Nelle piazze in certe giornate convenivano tutti, a partire dai contadini. Adesso ci sono i contadini della desolazione. Non si fanno più i comizi. Lo struscio è confinato al mese di agosto, quando tornano gli emigrati. Le panchine sono disoccupate. Le piazze si svuotano, si riempiono i loculi. Non ci sono più i ragazzi che giocavano a pallone e i giovanotti che aspettavano le fanciulle. Non c’è più la piazza come grembo di tutti. Questo, però, non deve far pensare a un luogo ameno. A parte l’orrendo mercato delle braccia, c’era un’atmosfera in cui era più facile affermare la perfidia che l’ammirazione. Certo che si stava insieme, ma a pensarci bene è una cosa che ha funzionato soprattutto negli anni sessanta e settanta. Prima il paese si metteva in piazza solo nel giorno del santo patrono o per le adunate politiche. La vita quotidiana brulicava nei vicoli. Ed era un brulicare di animali e persone, un tessuto sonoro che veniva dai lavori artigianali: il fabbro, il falegname, lo scalpellino, lavoravano dentro il paese, non esistevano i capannoni della periferia.
Le piazze ci sono ancora, ma a che servono? A parcheggiare le macchine. Negli ultimi decenni sono state dominate dai maldicenti, ma forse questo presidio si è allentato. Lo sfinimento è tale che anche la cattiveria non sa più su chi esercitarsi. Rigenerare le piazze significherebbe rigenerare la politica. E invece il sud continua ad ammalarsi, continua ad emigrare. E quello che resta è scontento. Sembra una novità, così non è. Le piazze del passato non erano luoghi dove sfilava la felicità. Il passeggio era una noia per signorotti.
Bisogna dirselo una volta per tutte e con chiarezza. Deve nascere una nuova ruralità fondata sulla terra e sul sapere, una ruralità che sappia coniugare  il computer e il pero selvatico.
Nessuna nostalgia per la piazza degli sfaccendati e dei maldicenti. Bisogna inventare un sud che guardi al suo passato senza vittimismi e senza compiacimenti. C’era tanta miseria, tanto squallore. Adesso ci sono malattie nuove, c’è una crescente miseria spirituale che stranamente è più grande nei luoghi economicamente più progrediti o più trafficati. Il futuro è del sud e dei paesi, ne sono convinto. Abbiamo bisogno dei braccianti del futuro. Gente che non esce a portare in giro il proprio ronzio, ma per riattivare lo sguardo, per incontrare gli altri,  per camminare insieme, per sfondare la prigione della provincia.
I ragazzi del nostro sud e i ragazzi italiani in generale non sanno che fino a pochi decenni fa la loro vita era venduta senza che la cosa suscitasse scandalo.
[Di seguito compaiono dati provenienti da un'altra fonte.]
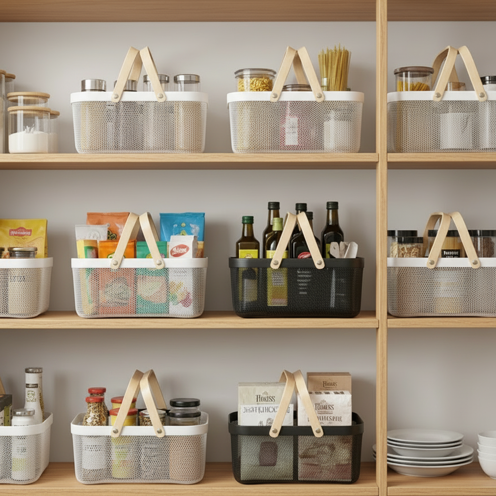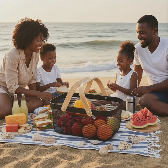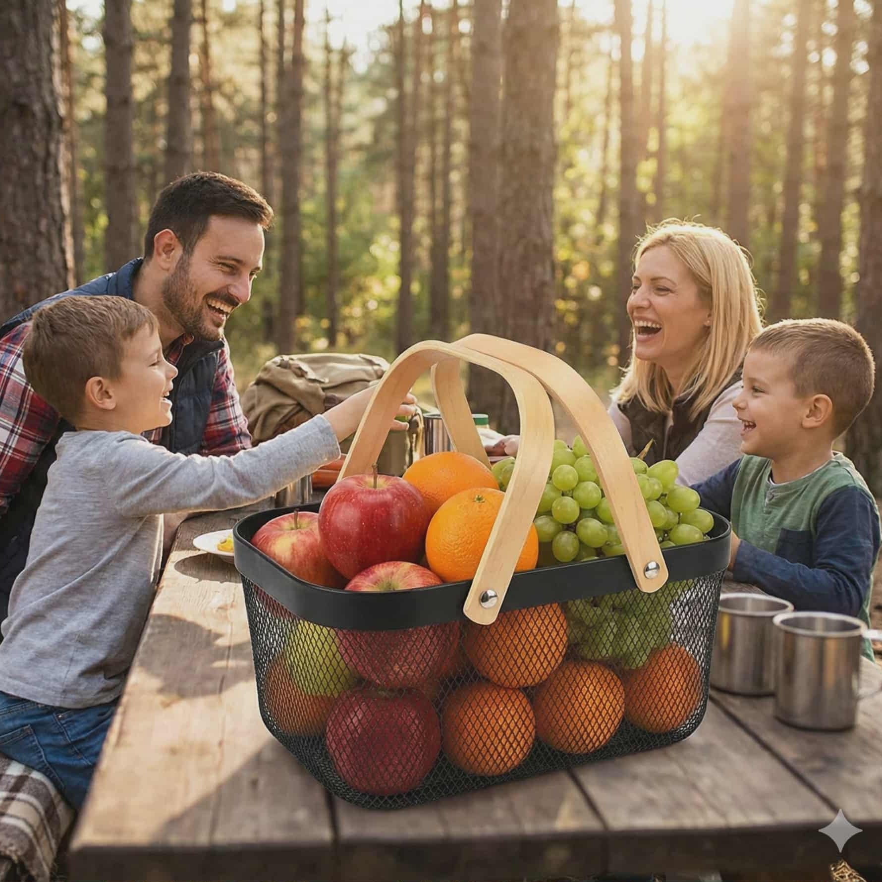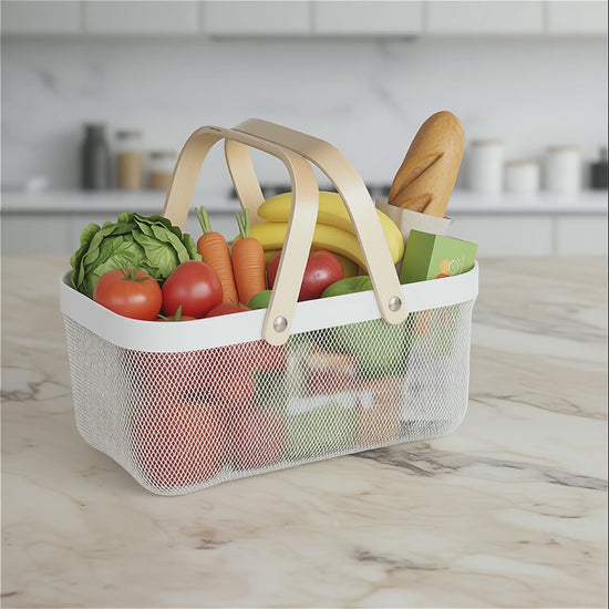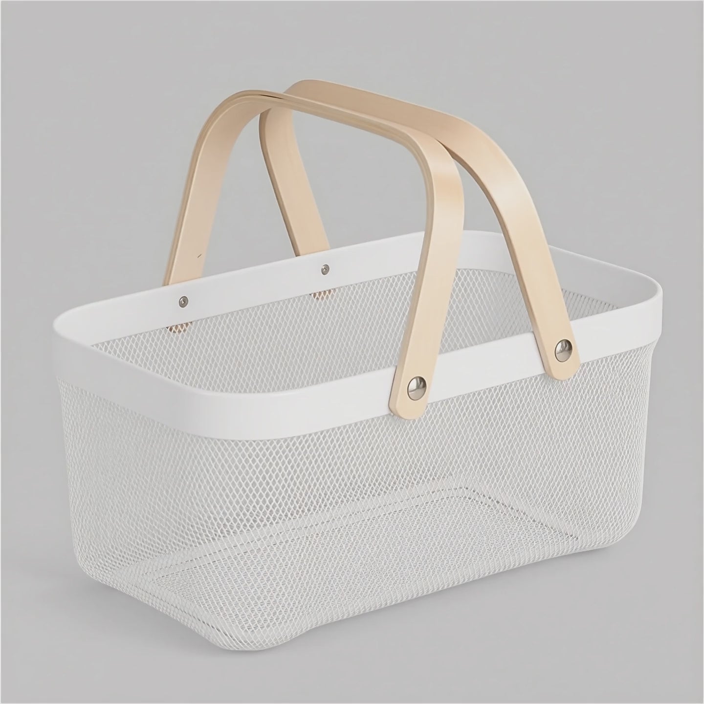 Organize your space with this versatile 18-quart storage basket that combines natural materials with practical design. Featuring sturdy metal mesh construction paired with Rattan Wood handles, it's perfect for kitchen storage, outdoor adventures, or creative projects

Dobbiamo raccontare queste storie, dobbiamo raccontare il dolore da cui veniamo, i soprusi, le ingiustizie. Abbiamo dei ragazzi straordinari nel sud italiano, che hanno voglia di comunità e di restare dove sono. Forse bisogna scoprire una nuova piazza, che non è al centro dei paesi, ma intorno ad essi, una piazza che si chiama paesaggio. Gli alberi al posto delle panchine. Una fontana al posto del bar. Le mucche al pascolo al posto dei rancorosi a passeggio. Forse sta nascendo una nuova civiltà contadina, sta nascendo per il crollo della civiltà della finanza. E sarà una civiltà molto diversa da quella del passato. Non vedremo persone sfruttate, vedremo l’intreccio tra le passioni umane e gli umori della terra. Coltivare, creare, rilocalizzarsi, capire che il posto in cui viviamo è sempre più importante di quelli dove vorremmo andare. Il mio sogno è che la piazza al centro dei paesi e quella intorno ad essi si congiungano per creare nuovi luoghi che non abbiamo mai avuto. L’epoca ha esaurito quasi tutte le sue miserie, ora tornano in primo piano passioni più calde. Si sta avvicinando il tempo in cui gli esseri umani diventeranno creature mirabili e nei paesi lo vedremo meglio che altrove.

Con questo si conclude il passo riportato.